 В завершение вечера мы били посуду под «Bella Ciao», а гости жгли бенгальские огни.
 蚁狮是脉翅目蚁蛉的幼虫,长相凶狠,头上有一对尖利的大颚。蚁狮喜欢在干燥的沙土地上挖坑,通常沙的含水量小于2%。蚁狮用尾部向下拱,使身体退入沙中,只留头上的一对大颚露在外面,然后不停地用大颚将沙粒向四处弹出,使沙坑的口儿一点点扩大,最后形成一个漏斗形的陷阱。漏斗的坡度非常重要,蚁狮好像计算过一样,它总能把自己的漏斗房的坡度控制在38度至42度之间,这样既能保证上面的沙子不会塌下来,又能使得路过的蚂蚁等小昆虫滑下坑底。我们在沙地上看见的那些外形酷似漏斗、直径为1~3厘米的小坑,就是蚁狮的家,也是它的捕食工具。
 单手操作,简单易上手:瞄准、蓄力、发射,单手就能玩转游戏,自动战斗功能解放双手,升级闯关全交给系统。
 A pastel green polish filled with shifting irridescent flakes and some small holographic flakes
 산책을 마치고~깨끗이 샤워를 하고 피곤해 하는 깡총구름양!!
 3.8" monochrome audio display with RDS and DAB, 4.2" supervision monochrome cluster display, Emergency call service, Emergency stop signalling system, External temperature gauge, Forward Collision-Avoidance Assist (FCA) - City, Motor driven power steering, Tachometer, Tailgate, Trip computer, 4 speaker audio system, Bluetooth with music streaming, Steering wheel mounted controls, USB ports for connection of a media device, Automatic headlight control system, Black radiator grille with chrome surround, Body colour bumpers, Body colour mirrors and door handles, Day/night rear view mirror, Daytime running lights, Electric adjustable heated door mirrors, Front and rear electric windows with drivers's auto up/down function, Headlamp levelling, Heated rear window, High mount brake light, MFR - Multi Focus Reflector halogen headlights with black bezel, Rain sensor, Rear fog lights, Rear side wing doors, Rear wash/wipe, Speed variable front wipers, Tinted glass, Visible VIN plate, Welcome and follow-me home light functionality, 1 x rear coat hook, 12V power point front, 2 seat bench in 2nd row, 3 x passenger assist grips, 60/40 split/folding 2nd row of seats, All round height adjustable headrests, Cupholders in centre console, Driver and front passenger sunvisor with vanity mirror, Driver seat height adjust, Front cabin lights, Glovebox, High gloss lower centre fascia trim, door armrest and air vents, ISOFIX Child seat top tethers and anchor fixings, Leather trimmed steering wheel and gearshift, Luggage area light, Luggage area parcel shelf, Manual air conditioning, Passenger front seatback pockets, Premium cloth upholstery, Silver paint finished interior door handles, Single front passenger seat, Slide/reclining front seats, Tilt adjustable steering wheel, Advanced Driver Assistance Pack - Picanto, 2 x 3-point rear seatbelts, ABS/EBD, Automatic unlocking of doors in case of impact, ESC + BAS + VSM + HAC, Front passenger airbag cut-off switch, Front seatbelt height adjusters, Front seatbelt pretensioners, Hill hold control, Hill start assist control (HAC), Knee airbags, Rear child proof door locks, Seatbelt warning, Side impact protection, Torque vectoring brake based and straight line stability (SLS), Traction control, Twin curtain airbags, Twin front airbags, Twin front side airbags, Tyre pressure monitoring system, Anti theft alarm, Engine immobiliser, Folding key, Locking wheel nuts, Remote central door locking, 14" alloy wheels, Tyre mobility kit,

==

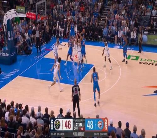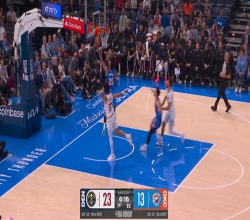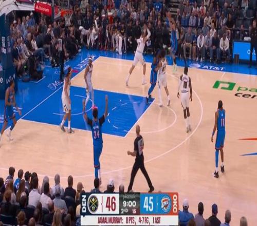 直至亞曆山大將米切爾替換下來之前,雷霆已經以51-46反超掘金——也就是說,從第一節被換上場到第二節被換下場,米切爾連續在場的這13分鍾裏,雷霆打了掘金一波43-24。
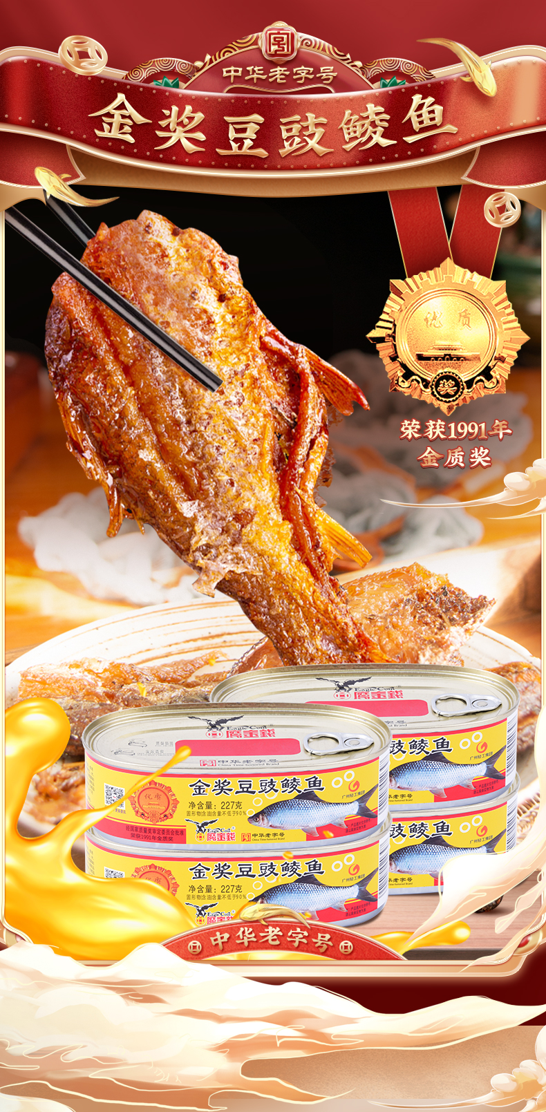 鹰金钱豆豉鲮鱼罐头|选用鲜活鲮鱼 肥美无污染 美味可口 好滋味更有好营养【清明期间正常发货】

...

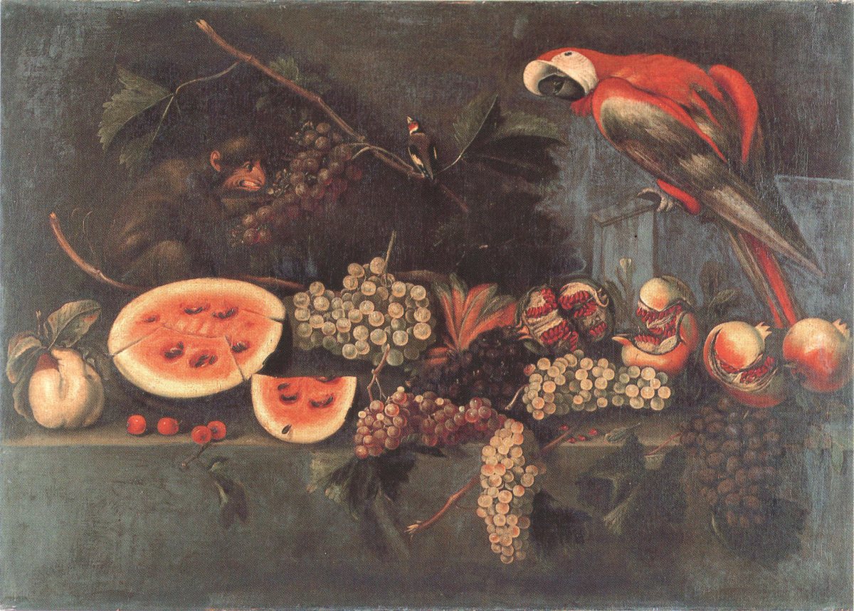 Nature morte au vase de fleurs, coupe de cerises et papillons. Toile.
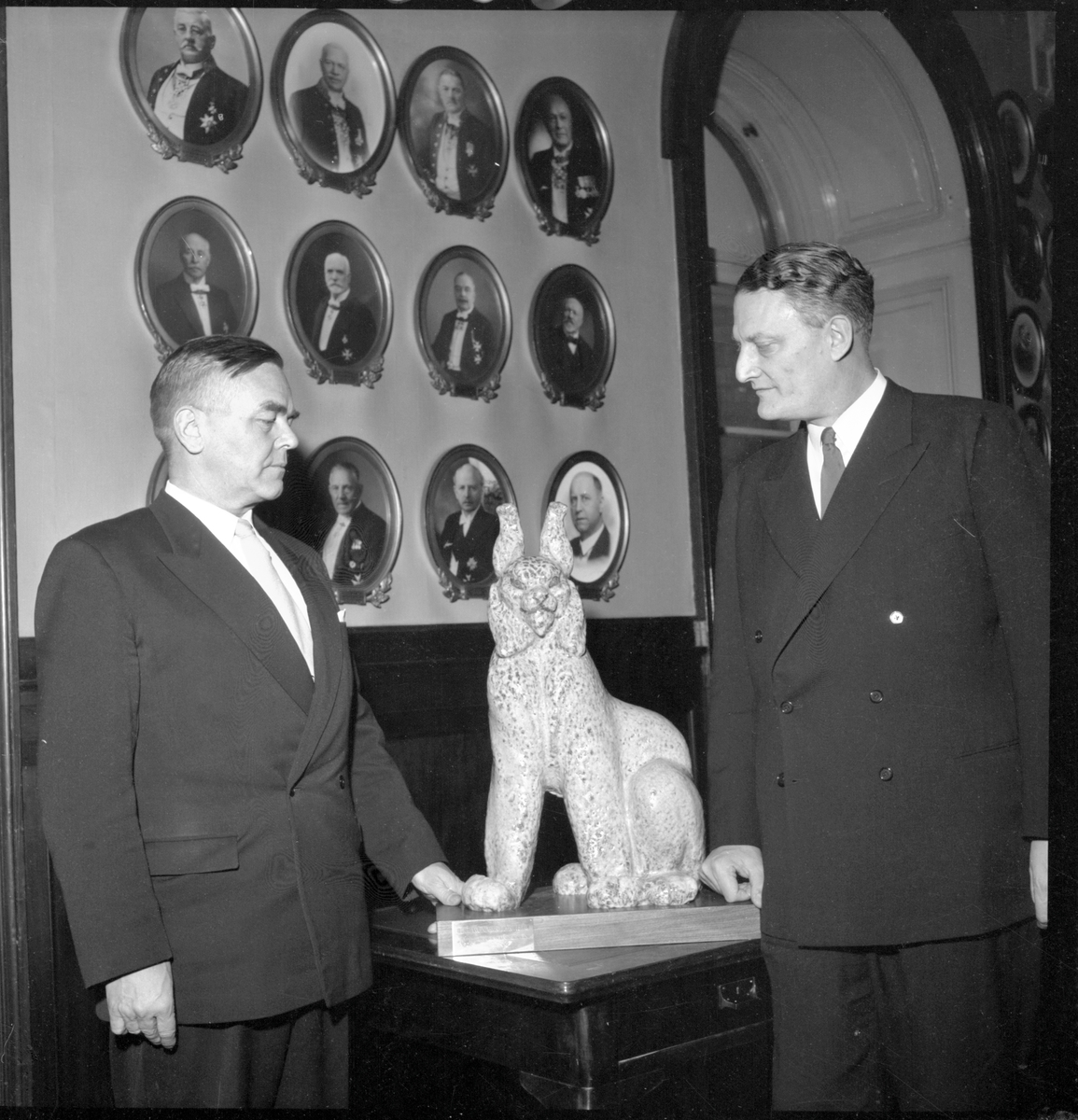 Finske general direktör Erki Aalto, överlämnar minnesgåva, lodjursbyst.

> EXERCISE PROMPT:
Go through the material above and output exactly the lines from the one containing "蚁狮是脉翅目蚁蛉的幼虫,长相" through the one containing "산책을 마치고~깨끗이 샤워를 하고 피곤해 하는 깡총구름양!!".

> WORKED SOLUTION:
 蚁狮是脉翅目蚁蛉的幼虫,长相凶狠,头上有一对尖利的大颚。蚁狮喜欢在干燥的沙土地上挖坑,通常沙的含水量小于2%。蚁狮用尾部向下拱,使身体退入沙中,只留头上的一对大颚露在外面,然后不停地用大颚将沙粒向四处弹出,使沙坑的口儿一点点扩大,最后形成一个漏斗形的陷阱。漏斗的坡度非常重要,蚁狮好像计算过一样,它总能把自己的漏斗房的坡度控制在38度至42度之间,这样既能保证上面的沙子不会塌下来,又能使得路过的蚂蚁等小昆虫滑下坑底。我们在沙地上看见的那些外形酷似漏斗、直径为1~3厘米的小坑,就是蚁狮的家,也是它的捕食工具。
 单手操作,简单易上手:瞄准、蓄力、发射,单手就能玩转游戏,自动战斗功能解放双手,升级闯关全交给系统。
 A pastel green polish filled with shifting irridescent flakes and some small holographic flakes
 산책을 마치고~깨끗이 샤워를 하고 피곤해 하는 깡총구름양!!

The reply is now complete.